Quaternary carbons come up much weaker than their brethren, mostly due to the fact that having a proton attached helps the nucleus to relax faster.  Better than increasing d1, though, is to reduce the flip angle.  I deal with a lot of quaternary carbons, and you can actually pulse faster with a lower flip angle if you want to shorten your time and increase your signal to noise.  There's a good article on this trade-off between d1 and flip angle in an old JMagRes somewhere.  I'll see if I can dig up the article for you.

[kiwi]

Quaternary carbons come up much weaker than their brethren, mostly due to the fact that having a proton attached helps the nucleus to relax faster.  Better than increasing d1, though, is to reduce the flip angle.  I deal with a lot of quaternary carbons, and you can actually pulse faster with a lower flip angle if you want to shorten your time and increase your signal to noise.  There's a good article on this trade-off between d1 and flip angle in an old JMagRes somewhere.  I'll see if I can dig up the article for you.

i'd be interested in that article too, thanks

[movies]

i assume that you are familiar with the nuclear overhauser effect, which is why the ipso signal is lower. From a practical viewpoint, jamming a whole bunch of compound in the tube is a good way. but if you are limited in compound, you can encourage the peaks to appear by increasing d1, the relaxation delay. your experiment time will also increase however.

Isn't it the case that the NOE gives an enhancement to the signal of protonated carbons, not a decrease in signal to the quaternary carbons?  I am almost positive that this is the case.

[Yggdrasil]

The sign of an NOE depends on the molecular correlation time and your field strength.  When your correlation time << 1/(larmor frequency), the NOE will enhance your signal.  This is the case for most small molecules.  However, when correlation time >> 1/(larmor frequency), you don't have any more double quantum transitions, so zero quantum transitions become the primary means of cross-relaxation.  This leads to a negative NOE, decreasing the signal from coupled nuclei.  This is the case for protein NMR (beause proteins are huge).

I've never done small molecule NMR, though so I don't really know how large a molecule has to be to give negative NOEs.

[kiwi]

Isn't it the case that the NOE gives an enhancement to the signal of protonated carbons, not a decrease in signal to the quaternary carbons?  I am almost positive that this is the case.

i'm coming from the small molecule angle, the NOE gives an enhancement to those nuclei that can relax by it (in practice usually everything but quaternary carbons). as mentioned above, for (much) larger molecules, the situation breaks down. and from doing a whole bunch of molecules, up to probably 800 daltons i have never noticed a breakdown in this relation. And afaik, the effect comes about because of the decreased relaxation time for those nuclei, resulting in increased signal only because a higher proportion of nuclei will relax in a given relaxation delay d1. if you wait for longer (up d1), the quat signals will relax too.

[chmjmhi]

@hmx9123: Thank you, I'll give it a read out of general interest if you turn it up.

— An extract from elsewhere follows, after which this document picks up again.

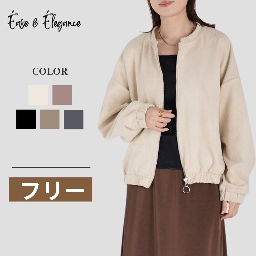 【ブルゾン レディース 秋 40代 30代 アウター ジャケット カジュアル 体型カバー スエード ゆったり プチプラ オシャレ フロントジップ ジャケット】

@kiwi and the discussion in general: Yep, I'm familiar with NOE. In fact I can see all my quaternary carbons. In the current example I am looking at 1-methyl-3-phenyloxindole and its derivatives and because of really nasty overlap in the aromatic region of the 1H spectrum it is hard to get much information out of the HMQC, which means I don't know which of the tertiary carbons I am missing. I lean towards the 4'-aromatic (overlapping the 2',6' or 3',5' signal), since I have a full account of carbons in 1,3-dimethyloxindole.